Das ist um so kurioser, als die entsprechende Spracherkennung „Dragon Drive Messaging“ durchaus eingebaut ist, sie dient aber bei Audi allein dem Diktat von SMS-Nachrichten. Die Technik stammt von Nuance, zu Beginn ist eine Lizenz freizuschalten, die in unserem Fahrzeug anschließend für drei Jahre unentgeltlich bereitgestellt wurde. Nach der Auswahl des SMS-Empfängers kann man rund 30 Sekunden in einem Rutsch diktieren, bevor die Transkription des Audioschnipsels auf Nuance-Servern in Amerika erfolgt. Das Ergebnis wird via Mobilfunk zurückgeschickt, eine gute Netzversorgung ist also vonnöten. Im Vergleich mit BMW ist die Erkennungsleistung identisch, sie erreicht nicht ganz das Niveau von Apples Siri in ruhiger Umgebung.

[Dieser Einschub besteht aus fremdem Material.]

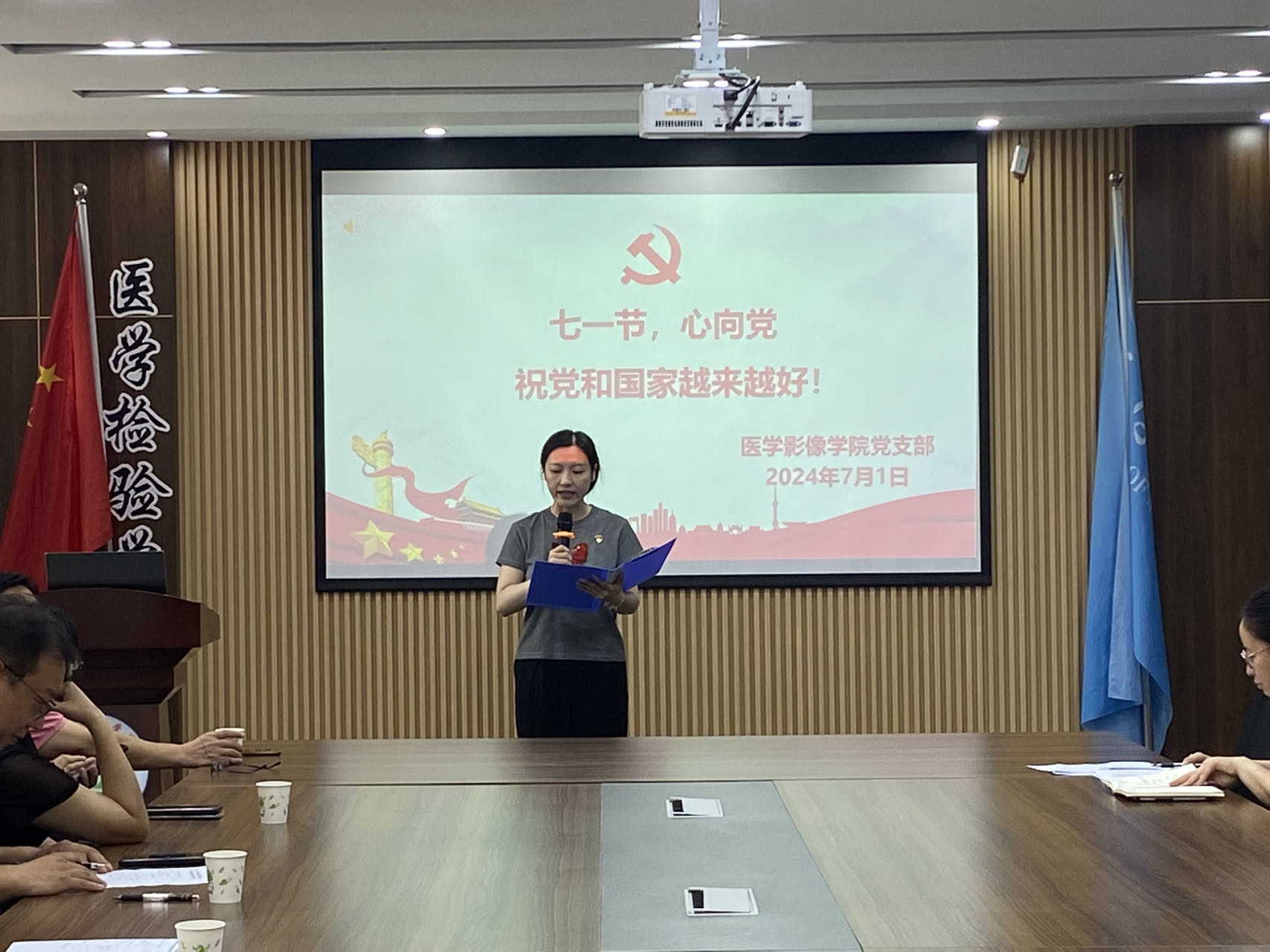 为庆祝中国共产党成立103周年,大力弘扬伟大建党精神。7月1日,新乡医学院三全学院检验与影像学院党总支在检验学院一楼会议室开展“庆七一·忆初心·强党性·促发展”系列党建活动。新乡医学院三全学院副院长薛宏、基础医学院党总支副书记王林翮、医学检验学院院长贺志安、医学检验学院副院长胡淼及医学检验和影像学院全体教师参加本次活动,检验与影像学院党总支副书记苗莹莹主持。

Das Problem sind die Nebengeräusche des Fahrzeugs. Wie im BMW gilt: Die Erkennung arbeitet ohne vorheriges Sprechertraining, verzichtet auf ein persönliches Sprachmodell und ist nicht lernfähig. Es wird also nur ein Alltagsvokabular unterstützt, das sich nicht um individuelle Sprechweisen oder Eigennamen ergänzen lässt. Die Bedienung ist etwas sperriger und hakeliger als bei BMW, und die Korrekturoptionen sind bei beiden Herstellern unzureichend. Für ein schnell diktiertes „Komme später“ an die Lieben daheim ist Dragon Drive Messaging jedoch eine tolle Sache.